I blow up now. I went for years and never blew up and still had ptsd. Now there are certain triggers and only when combined with a stress cup overfull, no medication, etc. make for a blow up, then it is my head blowing up and verbal not physical.

A competent therapist would not likely make the diagnosis of ptsd after 2 visits anyway. They may defer the diagnosis or R/O something. Often the diagnosis is depression, anxiety , depression, etc until they know more. I would get a second opinion.
 
Well, You have to list things to tick, and I am scoring very low on anxiety. She asked where I was on a scale of 0-10 for how I felt. I said 5. I feel OK I supose today. I think that is what she was getting at. But I agree, I shall stay here, and also the other forum that I have found.

Going back and demanding stuff, isn't really an option. It was a free service. It seems that the only way to get help is to pay, which is not an option really.
 
Her questioning was flawed. What an idiot.

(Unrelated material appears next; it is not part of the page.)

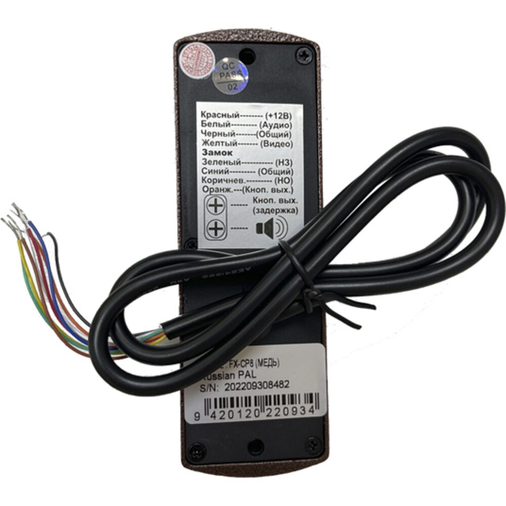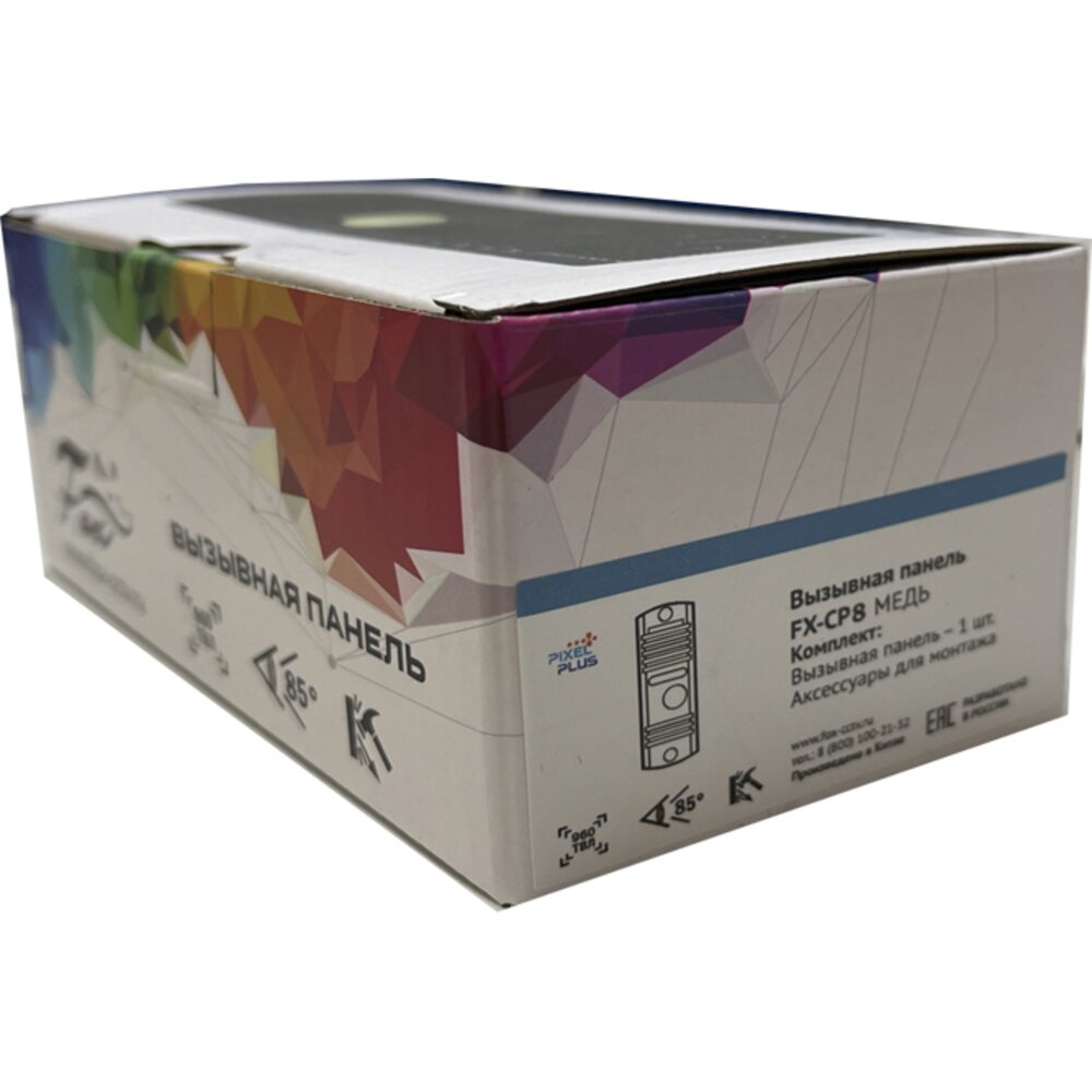 Видеопанель FX-CP8 Медь уличная, 4-х проводная. Выполнена в антивандальном металлическом корпусе. Представлена в медном цвете. Крепление накладное, в комплекте предусмотрены Козырек и Уголок. Камера в панели с широким углом обзора 85, поддерживает разрешение 960 Твл . Встроенная ИК-подсветка с ИК фильтром и дальностью до 5м, обеспечивает хорошую видимость объекта в темное время суток.

My psychiatrist asks the scale question, but he also asks for a range of my moods over the last few months. He's no idiot. He knows that mood can fluctuate. How fair is it to base an opinion of someone solely on how they present to you on any given day? You could be in the depths of despair and call for an appointment. By coincidence you happen to be having a good day when the appointment day arrives and so you suddenly don't deserve help? What rubbish.
 
Hi guaint -thanks but I have already read that. It's really good. Especially this bit:


"The narcissist also uses favoritism and gossip to poison her childrens' relationships. The scapegoat sees the mother as a creature of caprice and cruelty. As is typical of the privileged, the other children don't see her unfairness and they excuse her abuses. Indeed, they are often recruited by the narcissist to adopt her contemptuous and entitled attitude towards the scapegoat and with her tacit or explicit permission, will inflict further abuse. The scapegoat predictably responds with fury and equal contempt. After her children move on with adult lives, the narcissist makes sure to keep each apprised of the doings of the others, passing on the most discreditable and juicy gossip (as always, disguised as "concern") about the other children, again, in a way that engenders contempt rather than compassion. "
 
The best way to diagnose is to see weekly. Each week when the client comes in and reports about thngs and they are explored, the symptoms will be seen and observed in the office setting. As well as work or home situations and how they are dealt with in self report. Not a fan on canned test.
 
Has your therapist given you the TAS (Toronto Alexithymia Scale)? I don't think its wise for her to trust your personal observations of your feelings without doing this along with her personal observations. With all due respect, you are new to therapy and it is hard to know how well you can evaluate your own emotions. Please get a second opinion. Truthfully, only psychiatrists can diagnose.
 
I did look up the scapegoat child and read some interesting information. I was not the scapegoat to parents but was with 4 older siblings. Then articles went on to another article about being hostage to guilt within the family. I could relate..both with my siblings, and with child and husband. It said that resentments build. Mine have built to an explosion. I dont like feeling this way, but feel like any contact with them will start their manipulating process the ends in me feeling resentment.

They will take more than I have to give, at the cost of my health. Working through this is very hard. I understand better what my T is talking about when she says I am a hostage in my home.